Why it matters: It matters because cloud architecture decisions directly affect identity boundaries, access governance, and the evidence burden IAM, PAM, and compliance teams must defend during assessment.
👉 Read Secureframe's comparison of GCC High alternatives for CMMC
Context
GCC High is often treated as the default answer for CMMC, but the real issue is whether the organisation can meet NIST SP 800-171 requirements and contain Controlled Unclassified Information within a defensible boundary. For IAM and identity governance teams, the cloud choice changes where access is granted, how evidence is collected, and how tightly privileged access must be segmented across environments.
The decision becomes more nuanced when only part of the workforce touches CUI, export control does not apply, or the organisation needs a faster path to assessment. In those cases, enclave design, cloud segregation, and identity lifecycle controls matter more than simply moving everyone into a higher-assurance tenant. That is a common but not universal pattern across defence contractors.
Key questions
Q: What breaks when teams choose a CMMC cloud architecture before defining CUI scope?
A: The assessment boundary expands before the controls are proven, which means more identities, systems, and integrations must be evidenced and defended. That usually increases cost, slows migration, and creates ambiguity about which accounts are actually in scope. The result is not better compliance, just a harder compliance story to sustain.
Q: When should organisations choose an enclave instead of migrating the whole tenant?
A: An enclave is usually the better option when only a subset of users or systems handles CUI, especially if the rest of the organisation can stay on commercial services. It narrows the identity boundary, reduces privileged-access sprawl, and lowers the documentation burden. That makes assessment easier without overbuilding the environment.
Q: What do security teams get wrong about GCC High for CMMC?
A: They often assume GCC High is a compliance outcome rather than one possible control environment. GCC High can support export-controlled and higher-assurance requirements, but it does not replace evidence, governance, or NIST SP 800-171 implementation. The environment still has to be configured, monitored, and documented correctly.

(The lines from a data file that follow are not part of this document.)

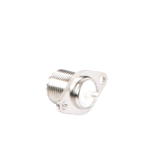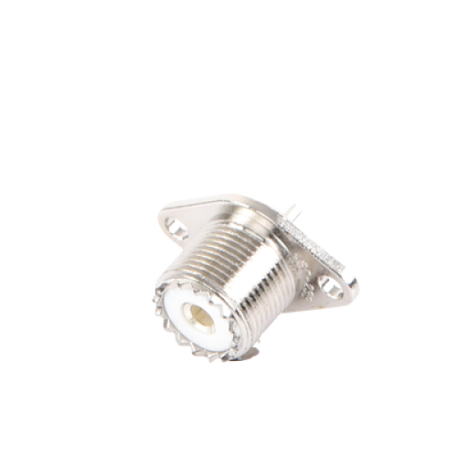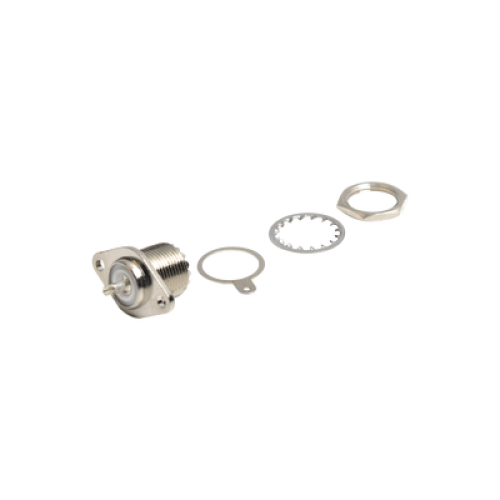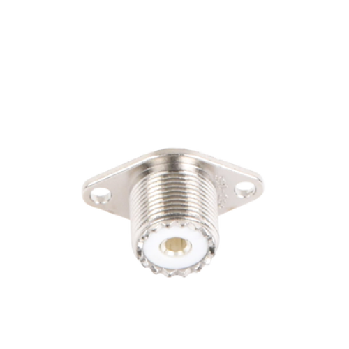 Conector UHF Hembra (SO-239-2H) para Chasis, Doble Perforación, Conductor Central Soldable, Níquel/ Plata/ PBT.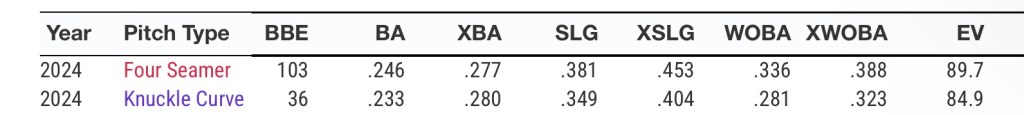On the surface, Paxton is getting solid results from his main offerings but over-performing his expected metrics as his xERA (5.24), FIP (5.36) and xFIP (5.39) are all MUCH higher than his ERA.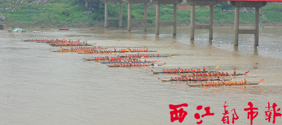????“砰!”隨著發(fā)令炮聲響起,十七支龍舟隊伍火力全開,快速向前挺進。西江河面上頓時水花飛濺,哨聲和鑼聲此起彼伏。根據(jù)規(guī)則,各支龍舟隊伍在前500米必須直道行駛,艄公也不允許打艄。
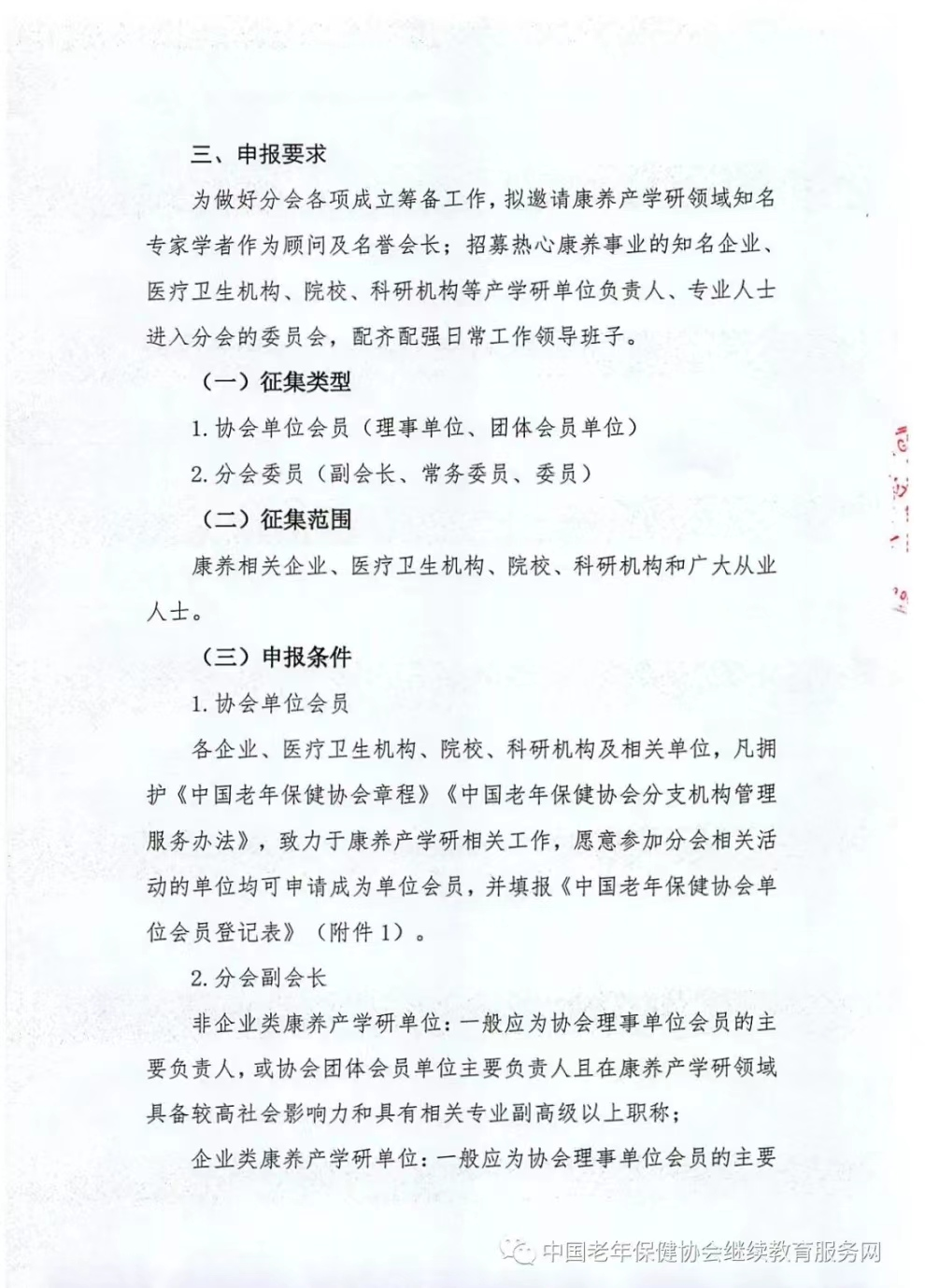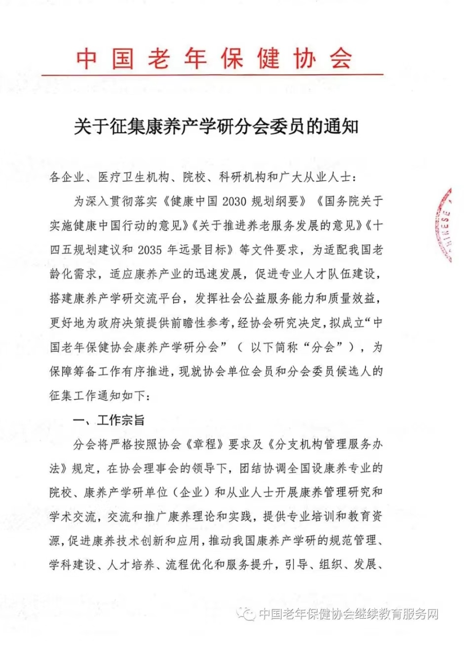 经中国老年保健协会批准,现拟成立“中国老年保健协会康养产学研分会”,该分会宗旨为协调全国设康养专业的院校、康养产学研单位(企业)和从业人士开展康养管理研究和学术交流,交流和推广康养理论和实践,提供专业培训和教育资源,促进康养技术创新和应用,推动我国康养产学研的规范管理,为企业储备专业技术人才。欢迎对康养产业有浓厚兴趣,具备相关专业背景和经验的专家、学者和从业人员积极参与。诚邀进群交流!

Q: Who is accountable if CUI is mishandled in a cloud enclave?
A: Accountability sits with the organisation that defines, operates, and proves the enclave boundary, not with the cloud provider alone. That includes identity owners, system owners, and compliance leads who must ensure access control, offboarding, and documentation stay aligned with the CUI scope. The provider supplies infrastructure, but the contractor owns the control evidence.
Technical breakdown
How CMMC scope changes the cloud and identity boundary
CMMC scoping starts with where CUI is stored, processed, or transmitted, then extends to the users, services, and administrative paths that can reach that data. In practice, the identity boundary is often broader than the application boundary because privileged admins, service accounts, and integrations can all become in-scope. That means tenant design, role assignment, and access segmentation affect both compliance evidence and attack surface. If the environment is over-scoped, the organisation inherits more controls, more documentation, and more assessment friction than the data path actually requires.
Practical implication: Define the CUI boundary first, then map identities, admin roles, and service connections to that boundary before choosing a cloud architecture.

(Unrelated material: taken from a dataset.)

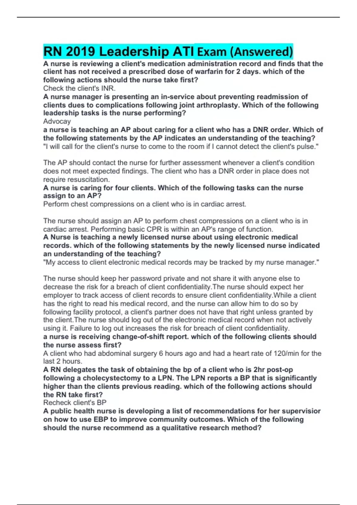 A nurse is reviewing a client's medication administration record and finds that the client has not received a prescribed dose of warfarin for 2 days. which of the following actions should the nurse take first? Check the client's INR. A nurse manager is presenting an in-service about preventing readmission of clients dues to complications following joint arthroplasty. Which of the following leadership tasks is the nurse performing? Advocay a nurse is teaching an AP about caring for a client who has a DNR order. Which of the following statements by the AP indicates an understanding of the teaching? "I will call for the client's nurse to come to the room if I cannot detect the client's pulse." The AP should contact the nurse for further assessment whenever a client's condition does not meet expected findings. The client who has a DNR order in place does not require resuscitation. A nurse is caring for four clients. Which of the following

Why enclave architecture often reduces access and audit complexity
A CUI enclave isolates the people, systems, and applications that handle regulated data inside a narrowly defined trust zone. This reduces the number of identities that need elevated scrutiny, shortens the evidence chain for assessors, and limits where CUI can spill. From an identity perspective, enclaves work best when access is tightly governed and offboarding is precise, because the enclave only stays defensible if every account inside it is current and justified. The model does not remove governance burden, but it concentrates it where risk actually exists.
Practical implication: Use enclave design to shrink the number of identities and systems that must satisfy the strictest CMMC controls.

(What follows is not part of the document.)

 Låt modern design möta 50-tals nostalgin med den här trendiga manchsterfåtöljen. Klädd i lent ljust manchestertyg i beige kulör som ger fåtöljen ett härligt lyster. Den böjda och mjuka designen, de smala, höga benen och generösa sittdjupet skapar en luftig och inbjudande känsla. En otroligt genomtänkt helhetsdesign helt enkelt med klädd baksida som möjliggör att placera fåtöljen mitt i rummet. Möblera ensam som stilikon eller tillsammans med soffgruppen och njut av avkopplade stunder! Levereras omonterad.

GCC, GCC High, and GovCloud are different control trade-offs
Microsoft 365 GCC, GCC High, and AWS GovCloud solve different compliance problems. GCC High adds stronger segregation and U.S.-person-only access expectations, which matters for export-controlled data. GCC can satisfy many non-export-controlled CUI scenarios under FedRAMP Moderate equivalency, while GovCloud is better suited to infrastructure and application workloads than collaboration suites. The technical point is that cloud assurance does not replace implementation. Identity governance, device management, logging, and evidence collection still determine whether the architecture is defensible.
Practical implication: Match the cloud service to the control requirement, then verify that identity, logging, and documentation are ready for assessment.
Threat narrative
Attacker objective: The practical objective is not theft but control failure, where an over-scoped environment becomes difficult to govern, evidence, and certify.
- Entry occurs when organisations over-scope their cloud environment and expose more identities and systems to CUI than the contract actually requires.
- Escalation follows when privileged access, admin roles, and integrations are shared across broad tenants, increasing the number of paths that must be controlled and evidenced.
- Impact is higher cost, slower migration, wider assessment scope, and a larger chance of compliance failure because the environment becomes harder to defend.
NHI Mgmt Group analysis
Over-scoping is the central governance failure in GCC High decision-making. The article shows that many organisations move too broadly because they treat higher-assurance infrastructure as a proxy for compliance. In reality, the compliance question is whether CUI is isolated, identities are properly segmented, and evidence can be produced without dragging the whole tenant into scope. Practitioners should treat scope discipline as the primary control objective.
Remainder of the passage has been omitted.